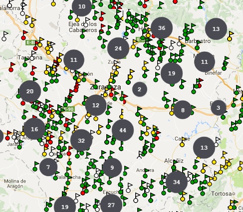 Permite la localización geográfica de las fosas o lugares de enterramiento en el territorio español de las que se dispone información, representadas con símbolos de diferentes colores según la actuación realizada sobre cada una de ellas
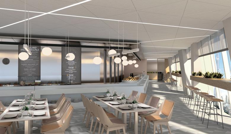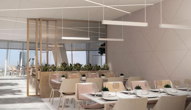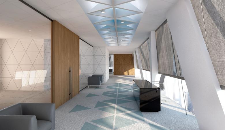 Private Offices benefit from great views of the city and lagoon, and hold a distinctive touch of class and elegance that each tenant can customize according to their needs and taste. Floors, walls and ceilings feature geometric patterns which break with any sort of monotony and keep tenants motivated to perform their jobs. Break areas in the 3rd and 4th floors include a cafeteria and a gym to provide a healthy, active lifestyle for all occupants.
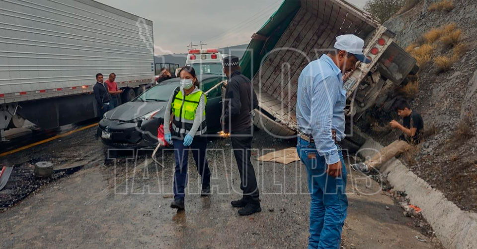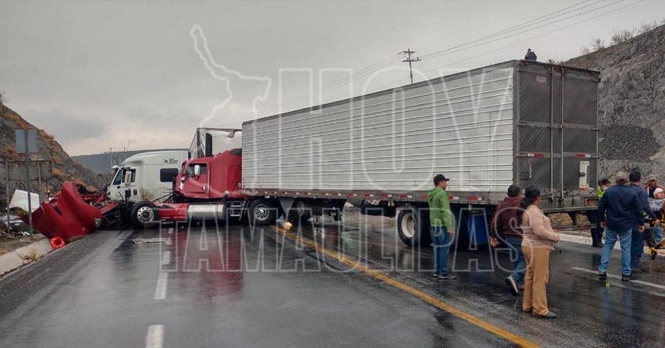 Jaumave, Tamaulipas. - Resultado de un choque entre dos tráileres y dos vehículos, la circulación se encuentra cerrada en ambos sentidos en la Carretera Federal 101 a la altura del municipio de Jaumave.
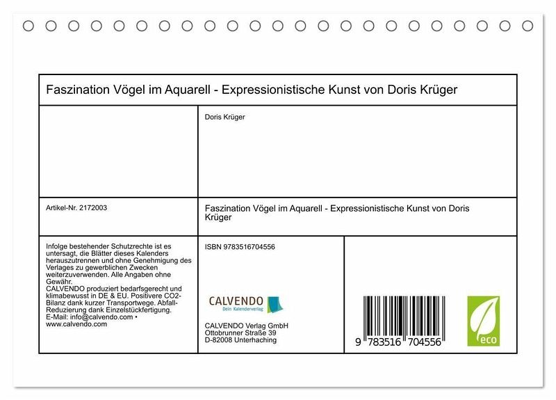 QUALITÄT - Hochwertiger Fotokalender mit 12 wunderschönen Motiven auf lichtbeständigem Bilderdruckpapier, robuste Spiralbindung.NACHHALTIG - deutliche Abfallreduzierung durch bedarfsgerechte Einzelstückfertigung, umweltfreundliches FSC-zertifiziertes Papier, Produktion in Deutschland, klimabewusste Logistik.PERFEKTES GESCHENK - Kalender für Freunde und Familie, für Kinder und Erwachsene, jung und alt, zu Weihnachten, Geburtstag oder zwischendurch.VIELFALT - Bildkalender in verschiedenen Formaten, z.B. DIN A5, DIN A4, DIN A3 sowie DIN A2. Ob Naturmotiv, Gemälde oder Fotos, ideal für ein persönliches Wohlfühlambiente.Expressionistische Aquarelle - Malerei exotischer und heimischer Vögel von Autor(in): Doris Krüger
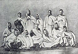 [edit]In the 18th century, in the period between the Saadi and 'Alawi dynasties, the Jewish community of Oufrane, which predated Islam in Morocco and spoke Tamazight and Arabic, came into contact with a "mad sorcerer" seeking the support of Yazid.[51] Oral tradition tells how this "sorcerer," along with armed bandits who had been marauding through the Sous valley, forced a group of 60 Jews at a sūq to either convert or die.[51] The local population was able to save ten of them, and the other fifty decided to all enter a fire rather than have any one of them convert. The site became revered as a holy place by both Jews and Muslims.[51]
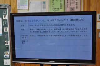 12月19日(金) 西岳小学校、吉之元小学校、夏尾小学校の3校をオンラインで結び、5年生が国語の合同学習を行いました。 今回のテーマは「宿題はあったほうがよいか、ないほうがよいか」。子どもたちは自分の考えを支える根拠をもとに、意見を述べ合いました。
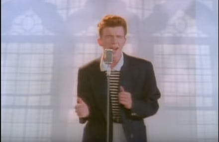 "Never gonna give you up/ never gonna let you down/ never gonna run around and desert you," he sings. "Never gonna make you cry/ never gonna say goodbye/ never gonna tell a lie and hurt you."

·····

_WORK ORDER:_
Copy out the entries exactly as they stand, omitting the images.

_SOLUTION TO THIS EXERCISE:_
 Permite la localización geográfica de las fosas o lugares de enterramiento en el territorio español de las que se dispone información, representadas con símbolos de diferentes colores según la actuación realizada sobre cada una de ellas
 Private Offices benefit from great views of the city and lagoon, and hold a distinctive touch of class and elegance that each tenant can customize according to their needs and taste. Floors, walls and ceilings feature geometric patterns which break with any sort of monotony and keep tenants motivated to perform their jobs. Break areas in the 3rd and 4th floors include a cafeteria and a gym to provide a healthy, active lifestyle for all occupants.
 Jaumave, Tamaulipas. - Resultado de un choque entre dos tráileres y dos vehículos, la circulación se encuentra cerrada en ambos sentidos en la Carretera Federal 101 a la altura del municipio de Jaumave.
 QUALITÄT - Hochwertiger Fotokalender mit 12 wunderschönen Motiven auf lichtbeständigem Bilderdruckpapier, robuste Spiralbindung.NACHHALTIG - deutliche Abfallreduzierung durch bedarfsgerechte Einzelstückfertigung, umweltfreundliches FSC-zertifiziertes Papier, Produktion in Deutschland, klimabewusste Logistik.PERFEKTES GESCHENK - Kalender für Freunde und Familie, für Kinder und Erwachsene, jung und alt, zu Weihnachten, Geburtstag oder zwischendurch.VIELFALT - Bildkalender in verschiedenen Formaten, z.B. DIN A5, DIN A4, DIN A3 sowie DIN A2. Ob Naturmotiv, Gemälde oder Fotos, ideal für ein persönliches Wohlfühlambiente.Expressionistische Aquarelle - Malerei exotischer und heimischer Vögel von Autor(in): Doris Krüger
 [edit]In the 18th century, in the period between the Saadi and 'Alawi dynasties, the Jewish community of Oufrane, which predated Islam in Morocco and spoke Tamazight and Arabic, came into contact with a "mad sorcerer" seeking the support of Yazid.[51] Oral tradition tells how this "sorcerer," along with armed bandits who had been marauding through the Sous valley, forced a group of 60 Jews at a sūq to either convert or die.[51] The local population was able to save ten of them, and the other fifty decided to all enter a fire rather than have any one of them convert. The site became revered as a holy place by both Jews and Muslims.[51]
 12月19日(金) 西岳小学校、吉之元小学校、夏尾小学校の3校をオンラインで結び、5年生が国語の合同学習を行いました。 今回のテーマは「宿題はあったほうがよいか、ないほうがよいか」。子どもたちは自分の考えを支える根拠をもとに、意見を述べ合いました。
 "Never gonna give you up/ never gonna let you down/ never gonna run around and desert you," he sings. "Never gonna make you cry/ never gonna say goodbye/ never gonna tell a lie and hurt you."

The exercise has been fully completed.